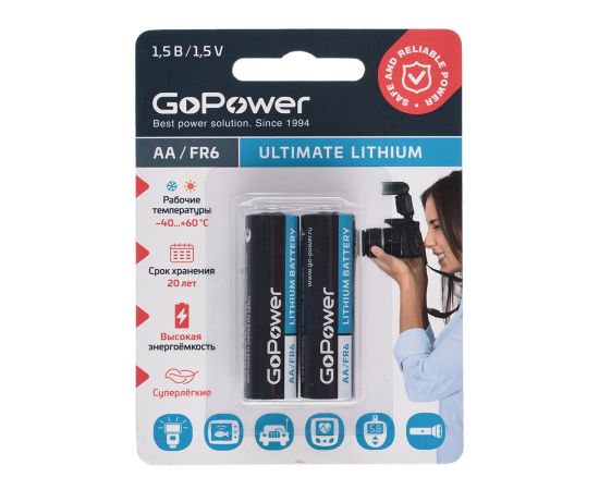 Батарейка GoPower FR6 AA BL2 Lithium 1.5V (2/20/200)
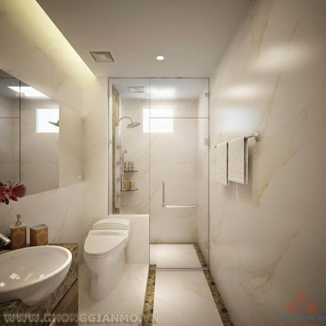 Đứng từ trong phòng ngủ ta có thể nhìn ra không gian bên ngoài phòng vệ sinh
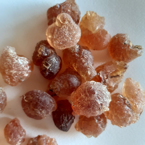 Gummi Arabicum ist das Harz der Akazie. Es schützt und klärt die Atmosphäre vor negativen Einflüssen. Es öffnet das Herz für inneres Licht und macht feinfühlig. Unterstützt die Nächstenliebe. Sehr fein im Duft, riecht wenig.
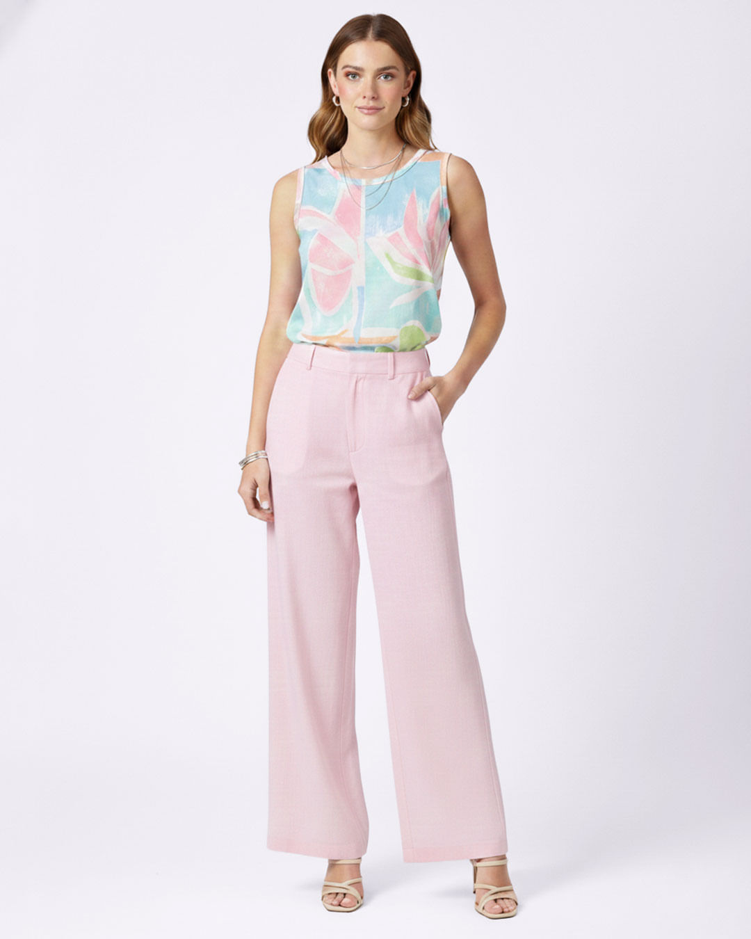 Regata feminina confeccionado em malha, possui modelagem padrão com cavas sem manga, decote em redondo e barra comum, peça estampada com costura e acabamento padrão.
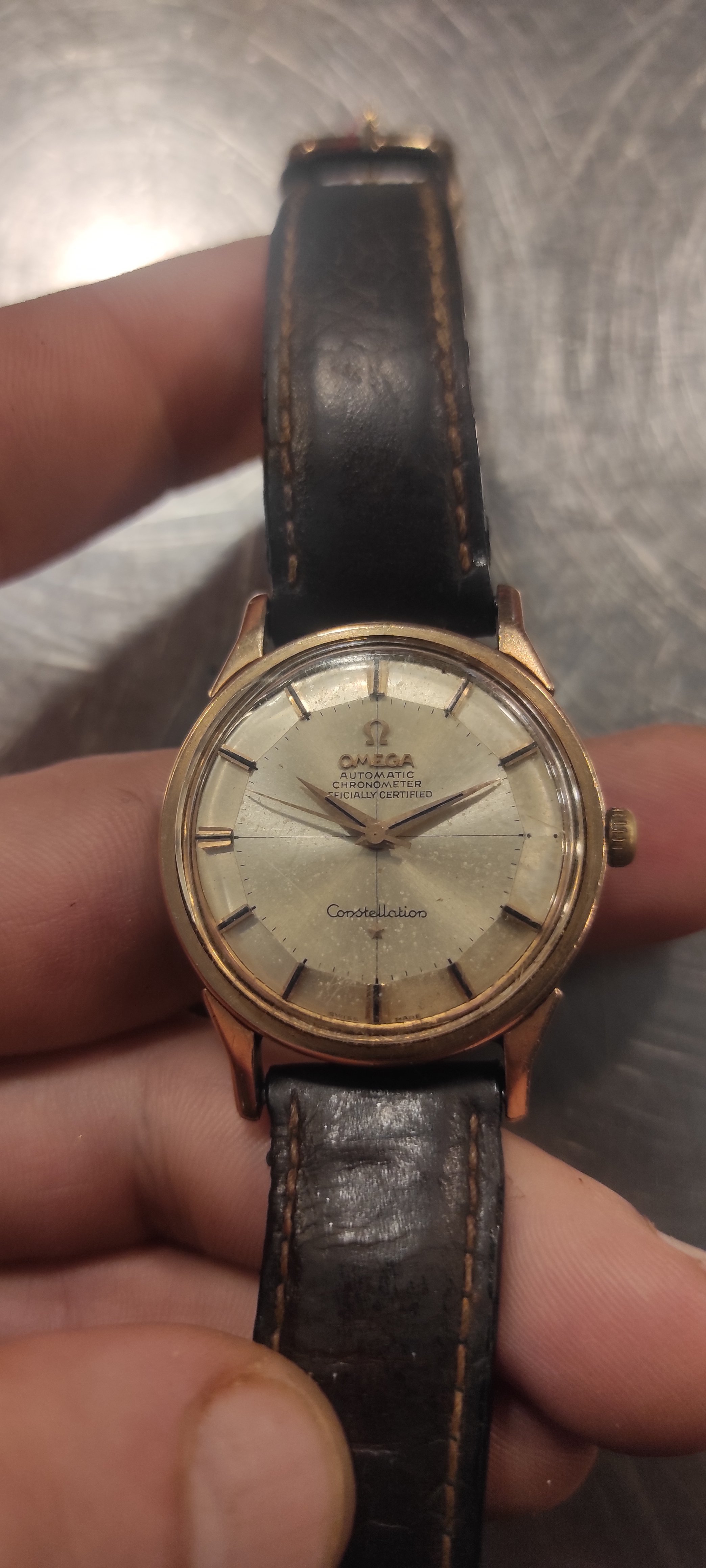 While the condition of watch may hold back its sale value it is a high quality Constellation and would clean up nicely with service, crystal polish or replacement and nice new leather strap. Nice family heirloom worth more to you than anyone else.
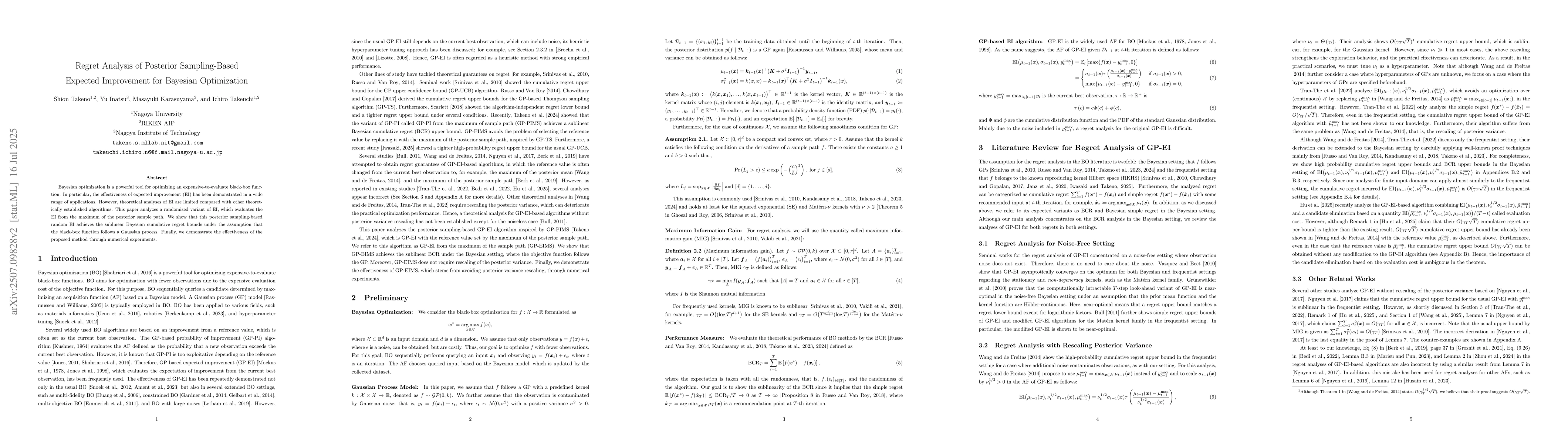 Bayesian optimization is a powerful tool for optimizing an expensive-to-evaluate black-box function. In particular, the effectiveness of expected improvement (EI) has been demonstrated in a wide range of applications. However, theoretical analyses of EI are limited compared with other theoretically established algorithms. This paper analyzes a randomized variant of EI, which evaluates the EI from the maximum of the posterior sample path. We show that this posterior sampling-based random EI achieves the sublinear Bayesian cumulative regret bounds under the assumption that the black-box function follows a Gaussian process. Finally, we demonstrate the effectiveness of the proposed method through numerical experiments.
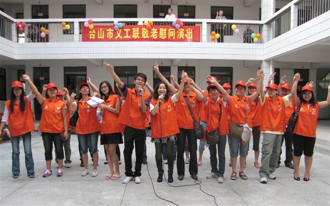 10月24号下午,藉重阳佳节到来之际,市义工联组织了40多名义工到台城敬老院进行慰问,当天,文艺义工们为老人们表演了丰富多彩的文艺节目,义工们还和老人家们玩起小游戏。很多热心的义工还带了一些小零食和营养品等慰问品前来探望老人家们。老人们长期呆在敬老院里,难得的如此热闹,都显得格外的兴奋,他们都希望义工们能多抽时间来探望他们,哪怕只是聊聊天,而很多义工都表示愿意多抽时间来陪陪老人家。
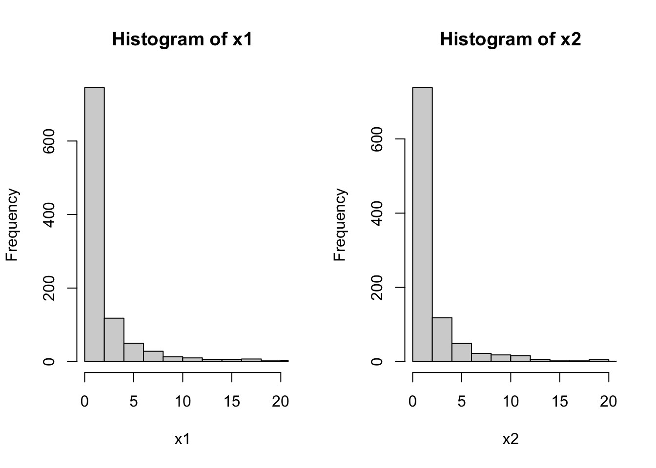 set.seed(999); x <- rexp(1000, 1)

= = = = =

### Exercise brief:
Your reply should consist solely of the lines above, from the opening line through the line with "While the condition", reproduced exactly and without pictures.

### Completed task:
 Батарейка GoPower FR6 AA BL2 Lithium 1.5V (2/20/200)
 Đứng từ trong phòng ngủ ta có thể nhìn ra không gian bên ngoài phòng vệ sinh
 Gummi Arabicum ist das Harz der Akazie. Es schützt und klärt die Atmosphäre vor negativen Einflüssen. Es öffnet das Herz für inneres Licht und macht feinfühlig. Unterstützt die Nächstenliebe. Sehr fein im Duft, riecht wenig.
 Regata feminina confeccionado em malha, possui modelagem padrão com cavas sem manga, decote em redondo e barra comum, peça estampada com costura e acabamento padrão.
 While the condition of watch may hold back its sale value it is a high quality Constellation and would clean up nicely with service, crystal polish or replacement and nice new leather strap. Nice family heirloom worth more to you than anyone else.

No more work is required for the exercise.